Il y a des disques qui changent une vie, qui donnent des vocations, qui ouvrent de nouvelles perspectives… America’s Least Wanted est de ceux là. Dur dur pour moi de parler du disque qui m’a permis de mettre au « hard » comme on disait à l’époque.
Parce qu’il faut bien commencer quelque part, j’ai commencé à écouter du chevelus avec ce disque, découvert par hasard lors d’un cours de musique (oui oui en cours de musique) en 1992 si ma mémoire est bonne, ‘fin bref c’était au siècle dernier et à la rigueur on s’en fout.
En pleine période grunge avec sa cohorte de groupes dépressifs arrive cet ovni californien à l’humour pipi/caca totalement assumé avec le cheveu gras et le rot facile de rigueur. Le comble de la « rebellitude » en ce temps là.
Ce qui fait que ça a marché ? Cet humour « Wayne’s Worldien » et ce groupe qui tape dans tout un tas de registre – du métal (Panhandlin Prince) au glam (Don’t Go) en passant par le folk (Mr Recordman) avec un talent certain et une insouciance assez inouïe, tout ça avec un côté sale gosse cynique à souhait – il suffit d’écouter les paroles de Whit Crane pour s’en rendre compte et se tordre de rire.
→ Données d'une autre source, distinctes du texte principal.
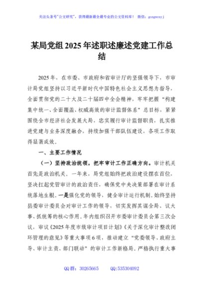 / 某局党组2025年述职述廉述党建工作总结

Alternant la guitare grasse (Come Tomorrow), le hit en puissance (l’inoxydable Everything About You) et la ballade imparable pour chopper (Cat’s In The Cradle – tester et approuver), Ugly Kid Joe fait preuve d’une maturité à toute épreuve sous son côté joyeusement bordellique. Maturité que le groupe confirmera avec Menace To Sobriety, second opus injustement boudé car plus sombre et plus sérieux. Ajoutez à cela quelques guests de luxe : le « metal god » Rob Halford qui fait les chœurs et Dean Pleasant (Suicidal Tendencies) qui vient poser un solo, soutenu par une prod d’une qualité incroyable et vous obtenez America’s Least Wanted.
Cela dit, ce disque ne serait rien sans les musiciens de qualité qui y ont contribué. A tout seigneur tout honneur : Whitfield Crane, chanteur exceptionnel à la très large palette vocale. Après le split du groupe, il continuera sa carrière chez Medication (avec Logan Mader) puis Life Of Agony avant de figurer parmi les candidats à la succession de John Bush chez Anthrax. Cordell Crockett, bassiste au style incroyablement varié qui passe du slap au médiator avec une déconcertante facilité et gros adepte de la wah-wah, il donne au groupe un groove incomparable – écoutez donc Same Side pour vous en convaincre. Et puis il y a Dave Fortman, oui je parle bien du Dave Fortman qui a produit Evanescence et leur a permis de vendre des camions avec l’excellent son qu’il leur a pondu. Le guitariste a également à son tableau de chasse de producteur Mudvayne, Superjoint ritual et accessoirement le dernier Slipknot en date : All Hope Is Gone.
Pour en revenir au disque, même si le ventre mou du disque est un chouilla plus faible au niveau des compos, ça n’en demeure pas moins fichtrement efficace et prenant. Bref vous l’aurez compris, je suis archi fan !
America’s Least Wanted est à l’épreuve du temps. Plein de bonnes idées, varié, la pop y cohabite avec le hard et chaque titre est quasiment un hit en puissance. Même si la prod ou certaines compos trahissent parfois son âge, il reste un « must have ».